■ **Your instructions**:
Given the entries below, would you transcribe exactly the lines starting at the one with "ピーエルシーごはん1/20小盛" and ending at the one with "Fausta Squatriti - 1986", both kept, pictures omitted, nothing extra?

(Dataset excerpts)

=====

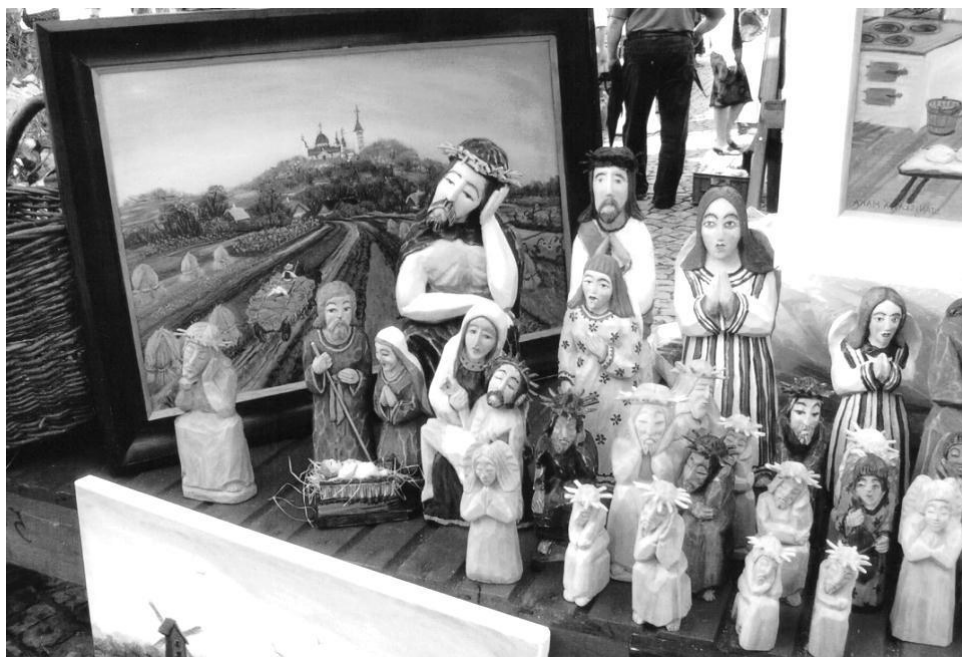
Targi sztuki ludowej w Lublinie, 2011 r.
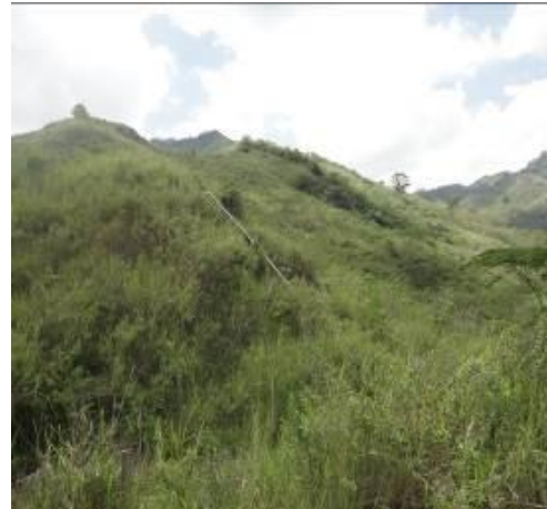
Predio la golondrina comprado vigencia 2012, falta mantenimiento de reforestación
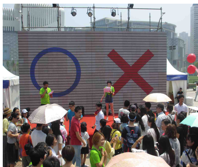
舞台④（日中对错智力竞赛）
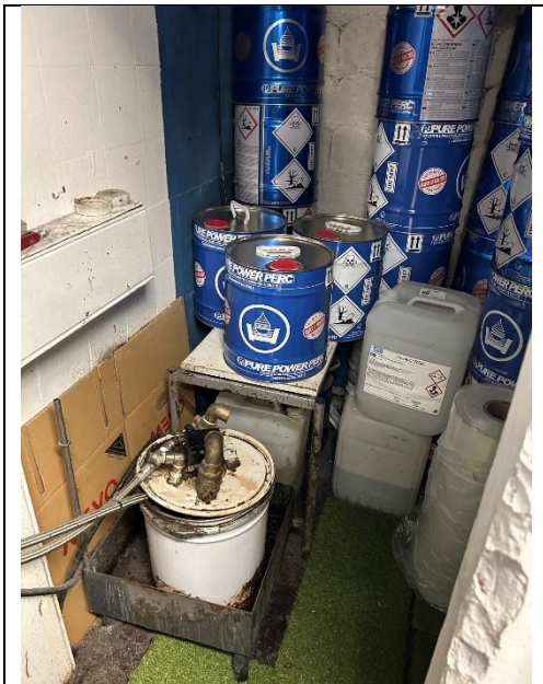
Figur 7: Opbevaring af rensesvæske.

Rensevæske er opbevaret vådrum uden afløb, som fungerer som spildbakke.
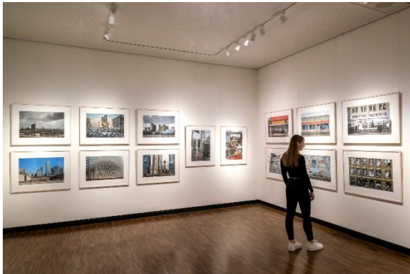
Ausstellungsansicht „American Dreams – Bilder aus den USA“, 2023
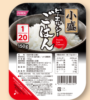
ピーエルシーごはん1/20小盛
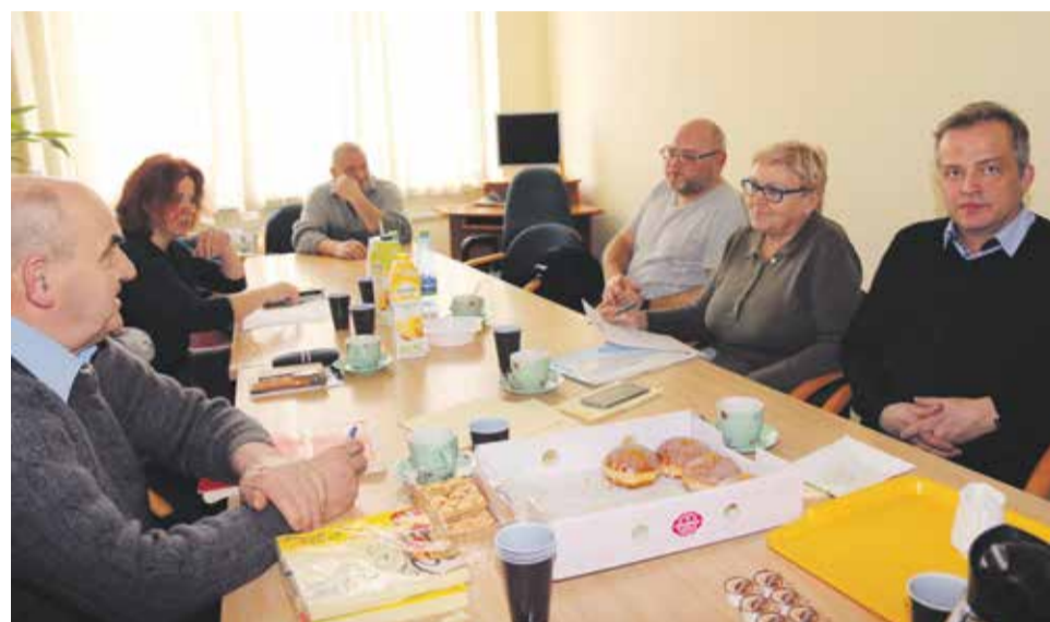
Rada Krajowej Sekcji Pracowników Pomocy Społecznej

„To zróżnicowanie płac to strzał w kolano rządu, a system opieki pielęgniarstwa został postawiony pod murem i rozstrzelany. Kto się
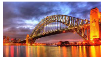
br - d - e
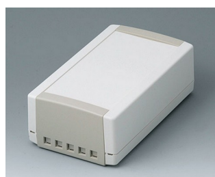
B1070465 TOPTEC 194 H, Vers. II ABS (UL 94 HB) gris blanc RAL 9002 194x115x68mm IP 40
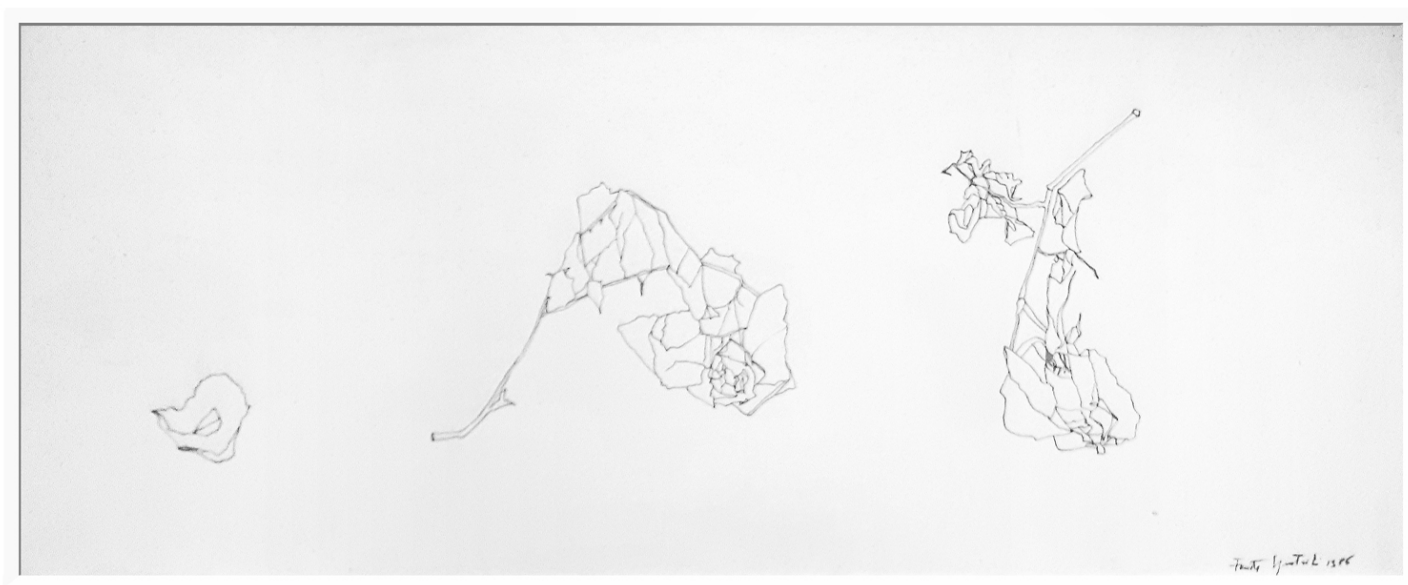
Fausta Squatriti - 1986 - inchiostro su carta cm.27,5x68,5

L'ARTISTA FAUSTA SQUATRITI HA DISEGNATO UNA ROSA IN DIVERSE POSIZIONI. UN ESERCIZIO IMPORTANTE PER ESERCITARSI NEL DISEGNO E' LA "COPIA DAL VERO". GUARDATI INTORNO, SCEGLI UN OGGETTO CHE TI PIACE E COPIALO SU UN FOGLIO.
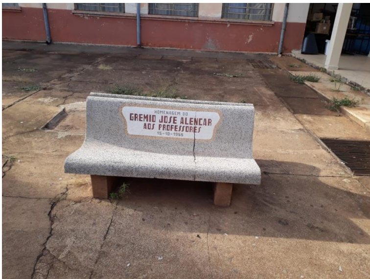
Figura 7. Banco para descanso no pátio da escola, homenagem dos alunos do grêmio aos professores, datada de 15 de outubro de 1955.

=====

■ **Written solution**:
ピーエルシーごはん1/20小盛
Rada Krajowej Sekcji Pracowników Pomocy Społecznej

„To zróżnicowanie płac to strzał w kolano rządu, a system opieki pielęgniarstwa został postawiony pod murem i rozstrzelany. Kto się
br - d - e
B1070465 TOPTEC 194 H, Vers. II ABS (UL 94 HB) gris blanc RAL 9002 194x115x68mm IP 40
Fausta Squatriti - 1986 - inchiostro su carta cm.27,5x68,5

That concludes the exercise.